TB spondylitis is still a tricky problem in both developing and developed countries, which can lead to a significant bone destruction and collapse of the vertebral bodies, resulting in hyper-kyphosis and tethering of the spinal cord[3, 11].For patients with neurological deficits, spinal instability or severe kyphotic deformity, surgery should be considered. The sharp angular hyper-kyphosis often requires complex three-column osteotomies. Currently, the one-stage posterior approach is most often used for minimizing the risk of injury to anterior vascular and visceral structures. Pedicle subtraction osteotomy (PSO), the most popular osteotomy technique, has been applied for progressive tubercular thoracic and thoracolumbar kyphosis. Kalra et al used pedicle subtraction osteotomy to treat patients with healed tuberculosis of the spine and a resultant kyphosis. The osteotomy is described as closing wedge osteotomy and correction of the deformity is achieved by the shortening of posterior column. However, the technique should be limited to 30°–40° as a safe range of single segment osteotomy; otherwise, the spinal cord is excessively shortened and distorted. Some modifications of PSO are reported that could obtain a greater correction angle without postoperative complications and Wu SS et al. claimed that they obtain a maximum correction angle of 60° at a single level. However, it is not suitable to correct a severe kyphotic deformity with a kyphotic angle beyond 90°.

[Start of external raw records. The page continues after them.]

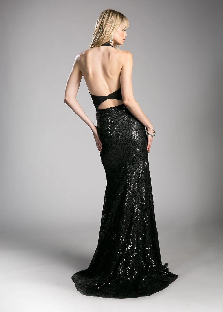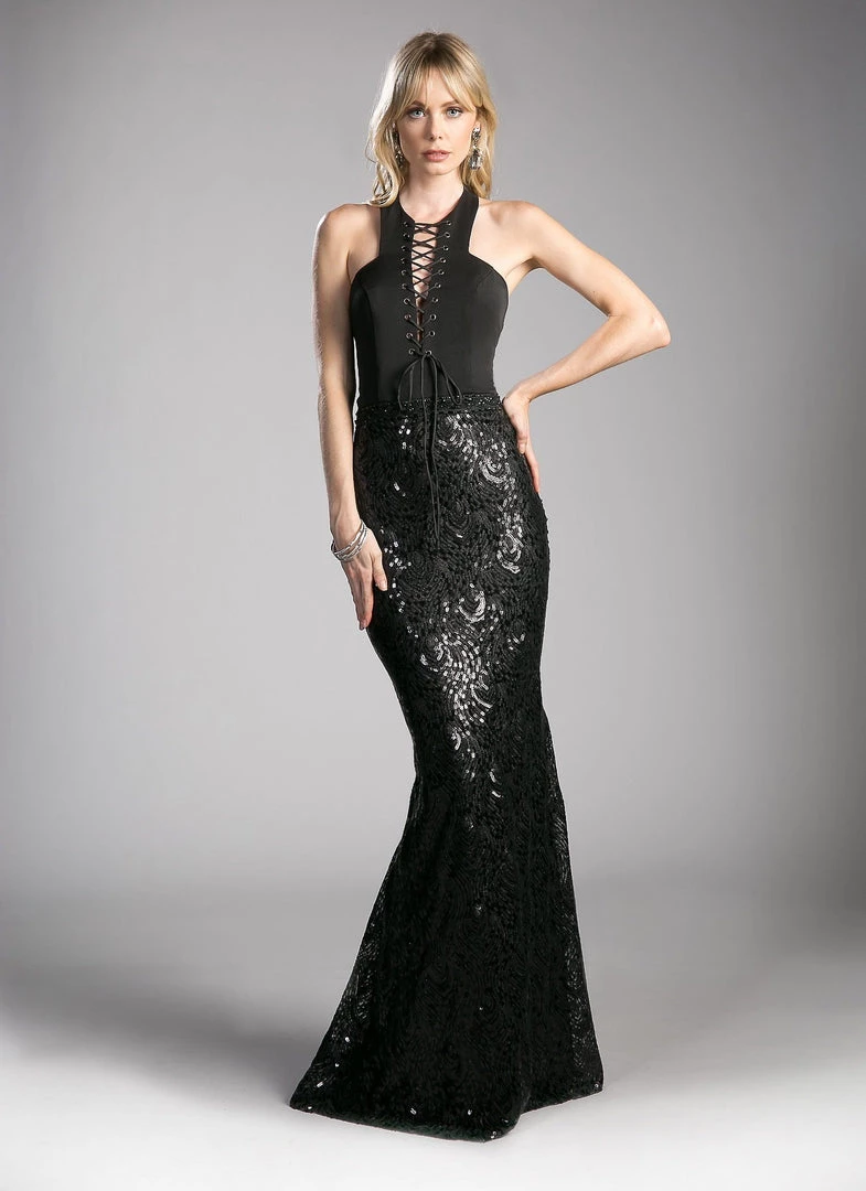 Enjoy your night in this long black halter formal dress with sequined skirt by Cinderella Divine 62495. This evening gown features a halter bodice adorned with lace-up straps, shimmery sequined design cover the skirt, a flirty open back, a floor length fit and flare skirt with a small train, and a zipper closure. Fitted sequin gown with halter neckline and lace up cut out.
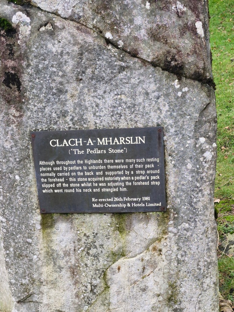 Hmm – not a cheerful tale! The Clach-a-Mharslin (Stone of the Packman) is the legend of a pedlar, travelling with a pack slung over his shoulders. Sitting down by the stone to rest, he put his pack on top of the stone. The pack slipped down the back of the stone, the loop tightening around his neck. Trapped, the heavy pack strangled him.
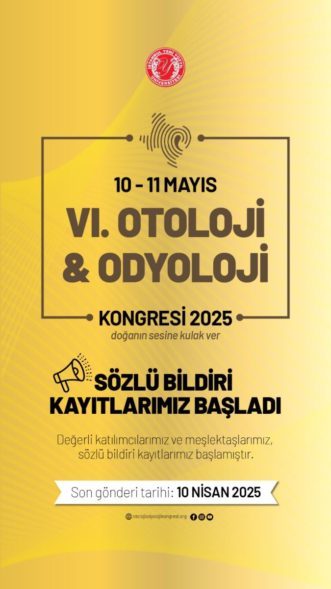 VI. Otoloji & Odyoloji Kongresi Sözlü Bildiri Kayıtarı Başlamıştır

Although Posterior VCR provides adequate amount of surgical correction when compared to all other spinal osteotomy types, it is restricted owing to its inevitable neurological risk related to the instability induced during correction of the malformation[18, 19]. The complication rate has been estimated as high as 59% for posterior VCR. Zheng et al. described Posterior-only bilevel modified vertebral column resection for extremely severe Pott’s kyphotic deformity, and the spinal sagittal kyphotic angle was corrected from a preoperative kyphosis 100.3° to a postoperative angle of 15.9° in their study. This procedure, however, was recommend to be performed at or below lower thoracic spine for security concerns. Transpedicular bi-vertebrae wedge osteotomy (TBWO) was first applied for fixed sagittal deformity of ankylosing spondylitis by Wang et al, and they achieved an average correction of 65.2°. Same technique was applied in Zhao’s research and achieved a 76.8% correction of the sagittal imbalance. It should be noticed that TBWO could effectively reconstruct regional alignment than many other posterior osteotomy techniques. And this technique allows spacious room for neural elements and direct vision during osteotomy procedure, thus it can be safely applied in cervical or cervicothoracic area.
For those with upper post-tubercular spinal deformity, we prefer the TBWO in several aspects. First, most post-tubercular fused vertebras were angular deformity, which were treated as one targeted vertebra so that one-level osteotomy could obtain satisfactory outcomes, so it could reasonably reduce operation time and blood loss. Secondly, collapse of anterior cortex of the osteotomy vertebra facilitates the correction of a rigid kyphosis, and larger bony contact surface could provide better fusion rates and additional spinal stability. Thirdly, TBWO could allow greater correction angles for its sufficient decompression of posterior elements, especially for upper thoracic and cervical segments. When angular kyphosis deflexed, dura sac expanded and folded backwards, without obvious axial shortening. In our study, the average correction angle was 54.1°, and the maximum correction angle was 88.6°. One quadriceps paralysis was observed and recovered 3 months later postoperatively. And there was one dura tears case with no postoperative infection. All of the 18 patients with post-tubercular spinal deformity who underwent TBWO achieved steady fusions, satisfactory rehabilitation and no permanent neurological complications occurred.
In a decade ago, high-speed drill was commonly used in bone removing. However, when close to dura and nerve roots, a downward pressure of drill could be dangerous and disastrous neurological complications could happen. Especially in angular kyphosis, dura was stretched and high-tension, which closely clung to bony structure, and epidural space is extremely narrow. UBS applied in spine surgery has a huge advantage in time saving, minimizing soft tissues injury and could precisely finish bone cutting [24–26]. Utilization of UBS in osteotomy procedure can be safe and compatible in transpedicular bone removing, and leaves a smooth surface, which give less chance of dura tear and nerve injury. However, further research is needed to investigate the impact of UBS heat effect during osteotomy on bony fusion.